A third, less obvious reason for Jewish silence against Muslim polemics may be found in Maimonides' writings, where he prohibits the Jews from teaching Muslims the tenets of Judaism, in direct contrast to Christians (al-'Arelim), whom he allowed to be instructed in the commandments of the Torah. This, in spite of the fact that he explicidy acknowledged Islam as a true monotheistic religion, unlike Christianity. Maimonides explained his prohibition by pointing out that Muslims do not accept the text of the Torah as divine, whereas Christians do believe that the text of the Torah has not changed and "only" (innama) misinterpret it through faulty exegesis.

Indeed, Christians usually accepted the holiness of the Old Testament but accused the Jews of misunderstanding and misinterpreting it, and of reading it literally ("the letter"), whereas it should really be understood allegorically ("the spirit").
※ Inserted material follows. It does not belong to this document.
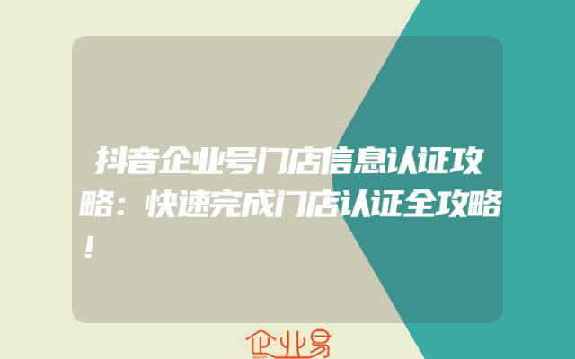 - 抖音企业号门店信息认证攻略:快速完成门店认证全攻略!
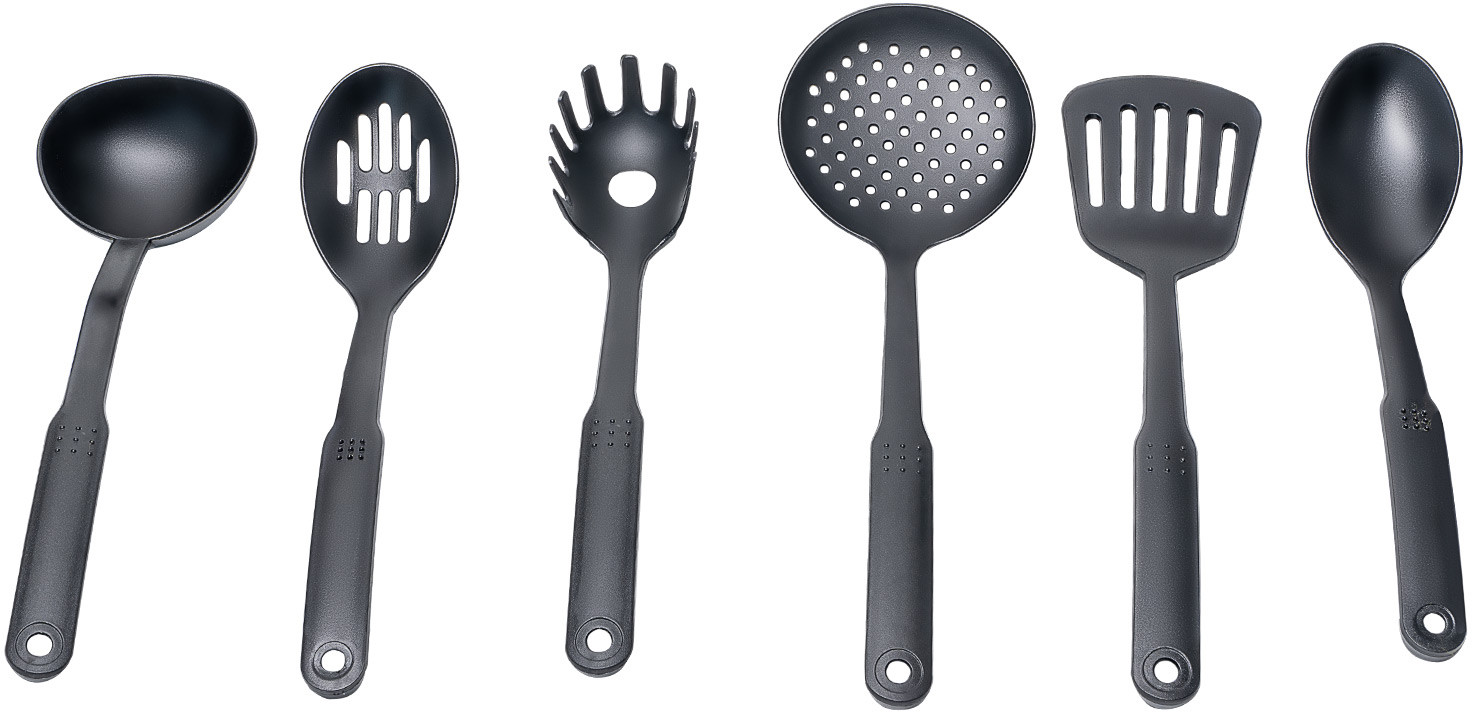 В наборе: лопатка перфорированная, шумовка, половник, ложка перфорированная, ложка поварская, ложка для спагетти.

Thus exegesis became the main battlefield of Jewish–Christian polemics in the West during the Middle Ages. We have Jewish manuals of Bible exegesis containing the "wrong" Christian explanation of certain verses and the "right" explanation of the same verses with which Jews should respond. This literary activity has no parallel in Jewish–Muslim polemics, although, as we shall see in Chapter Four, some of the same controversial verses are quoted by Muslim authors who dealt with their interpretations and translations. Yet Islamic polemics were primarily directed against the Scriptures themselves (Old and New Testaments), which, in their redacted form, were never accepted as sacred by Muslims, even though their ultimate source was considered to have been a truly divine revelation. Following the Qur'an, Muslim authors tried to prove that the text of these Scriptures had been deliberately altered throughout the ages by both Jews and Christians. Here, then, seems to lie the most important difference between Christian–Jewish and Muslim–Jewish (and Muslim–Christian) polemics. In the first case, a commonly shared divine text is differently expounded; in the second, the text itself is put to polemical scrutiny. Therefore, as we shall see in Chapter Three, even Christian authors often explicitly defended the authenticity of the Old Testament Biblical text (which contains prophecies about Jesus) against Muslim arguments. For example, in an early document of Christian–Muslim polemics, a letter to the Caliph 'Umar II (717–720) attributed to the Byzantine Emperor Leo III, the Christian author states that Jews and Christians share the belief in the same text, which they consider divine, but that they bitterly discuss the meaning and correct explanations of many of its verses.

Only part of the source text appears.